The World Needs Way More Carbon Dioxide Removal

On getting rid of legacy emissions, groundwater, and geoengineering

The World Needs Way More Carbon Dioxide Removal
Heatmap Illustration/Getty Images

Current conditions: A large wildfire is burning out of control in northwestern Turkey • Intense storms killed at least 11 people in South Africa • It will be 109 degrees Fahrenheit in Phoenix today, and tomorrow will be hotter.

THE TOP FIVE

1. Report: Global carbon dioxide removal must quadruple

A team of international researchers this week published a new report on the state of carbon dioxide removal (CDR) as it relates to global climate goals. The top-line takeaway is that CDR must quadruple if we want to stay in line with the goal of limiting global warming to 1.5 degrees Celsius. While stopping new greenhouse gas emissions is the top priority in curbing global warming, experts agree CDR will be needed to address legacy emissions, which can remain in the atmosphere for decades.

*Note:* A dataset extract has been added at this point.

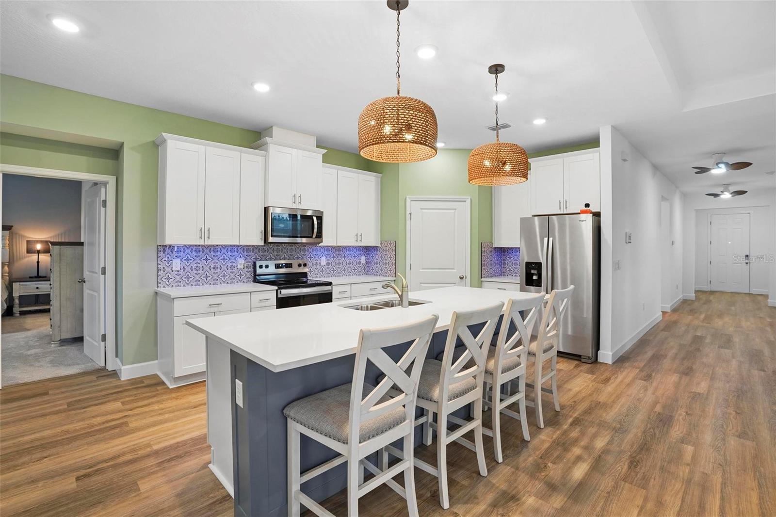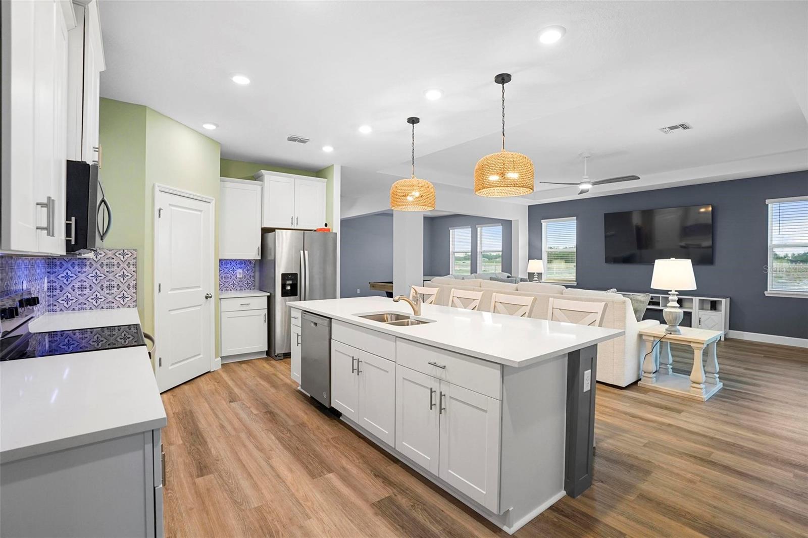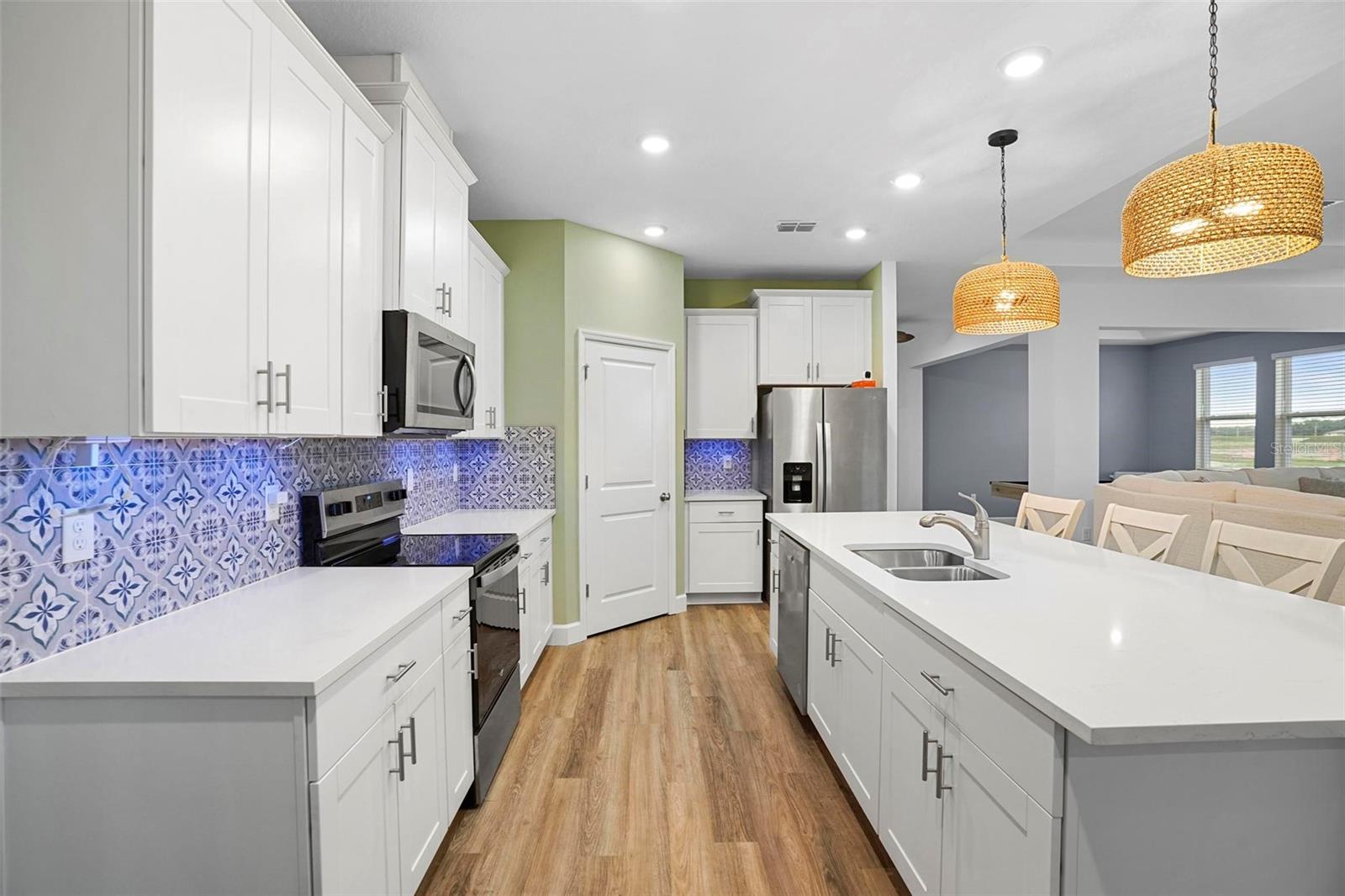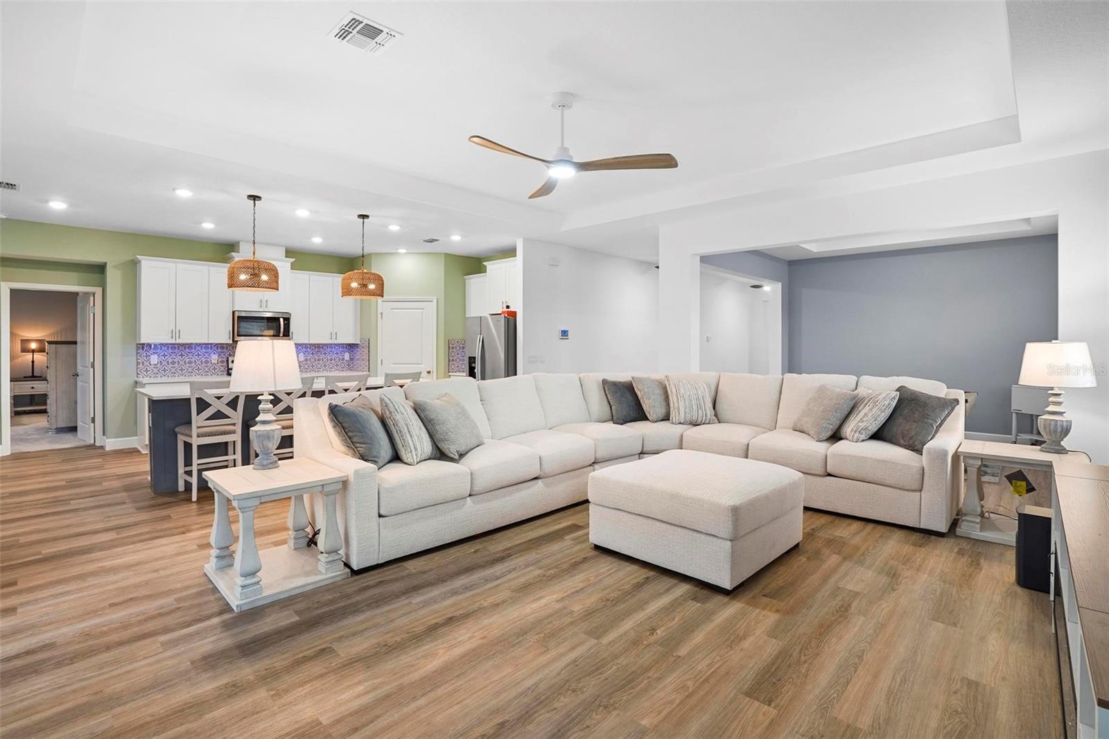 Say hello to the Upgraded Camden model in Archer Mills—a home unlike any other in the neighborhood! This multi-gen smart home layout offers two homes under one roof with the convenience of lawn maintenance in the HOA dues, it's ideal for a second home or a primary residence and comes complete with all the upgrades you've ever wanted! You enter into a beautiful open foyer and greeted with two guest bedrooms that share a stylish Jack and Jill bathroom. This bathroom isn't just functional; it's a standout feature with its elegant double vanity and luxurious rectified porcelain tiles in the shower and flooring. Moving down the hall, you'll find a spacious dining room, perfect for family gatherings or additional living space. The heart of the home is the kitchen, which seamlessly connects with the great room. It shows beautifully with granite countertops, stainless-steel appliances, newly added soft-close doors and a pull-out trash can, new pendant lights, and fun 8x8 rectified porcelain deco tiles that brings the whole house together. Adjacent to the kitchen is a café area that offers views of the oversized covered lanai, ideal for casual dining. The master bedroom, situated at the rear of the house includes two walk-in closets and an ensuite bathroom. This bathroom is updated with 24x48 rectified matte porcelain tiles, a shower floor with mosaic porcelain tiles with heated drop-in tub, and 12x24 rectified porcelain tiles on the bathroom floor. What truly sets this home apart is its separate suite. This suite includes its own private entrance, living space, bedroom, kitchenette, polished 24x48 rectified porcelain tiles on the walls, and 12x24 rectified porcelain tiles on the bathroom floor and heated drop-in tub. This smart home is equipped with cutting-edge technology, allowing you to control various features with your smart device. The interior highlights new Sherwin Williams satin Super Paint, with flat paint on the walls and semi-gloss Sherwin Williams Duration paint on the trim and doors. The exterior is now protected by Sherwin Williams Duration acrylic latex paint, resistant to moisture and mold. Additional upgrades include ceiling fans throughout, LED lights under the kitchen cabinets and upgraded carpet in all the bedrooms to a luxurious 60 ounces with a waterproof Life Proof pad. Sellers also added a second garage door opener with built-in camera and WIFI and an epoxy-finished garage floor with hookups for a generator or an electric car and updated Mud room nicely done with storage and a bench. Don't miss the opportunity to make this exceptional home yours!! Schedule your showing today!!

Current CDR efforts – from reforestation to direct air capture technology – remove about 2 billion metric tons of CO2 from the atmosphere every year. That’s far short of the 7-9 billion metric tons that will need to be removed annually by 2050. But the report’s authors say there are signs that CDR development is slowing down. They call for more investment to support the “high ambitions” of CDR companies, and want countries to weave CDR policies into their national climate action plans to spark demand and help CDR scale. Currently just 1.1% of investment in climate-tech startups goes toward CDR. In April, a report found that the U.S. will need to spend $100 billion per year by 2050 to make CDR a viable climate solution.

One really interesting insight from the report is that grant money is flowing steadily toward CDR research and development, especially in the U.S. and Canada: There were fewer than 50 third-party research grants for CDR in the year 2000, compared to 1,160 in 2022.

State of CDR report

Somewhat relatedly, Swiss carbon removal company Climeworks yesterday unveiled new “generation 3” technology that it said can suck up twice as much carbon from the atmosphere using half the amount of energy as its previous designs.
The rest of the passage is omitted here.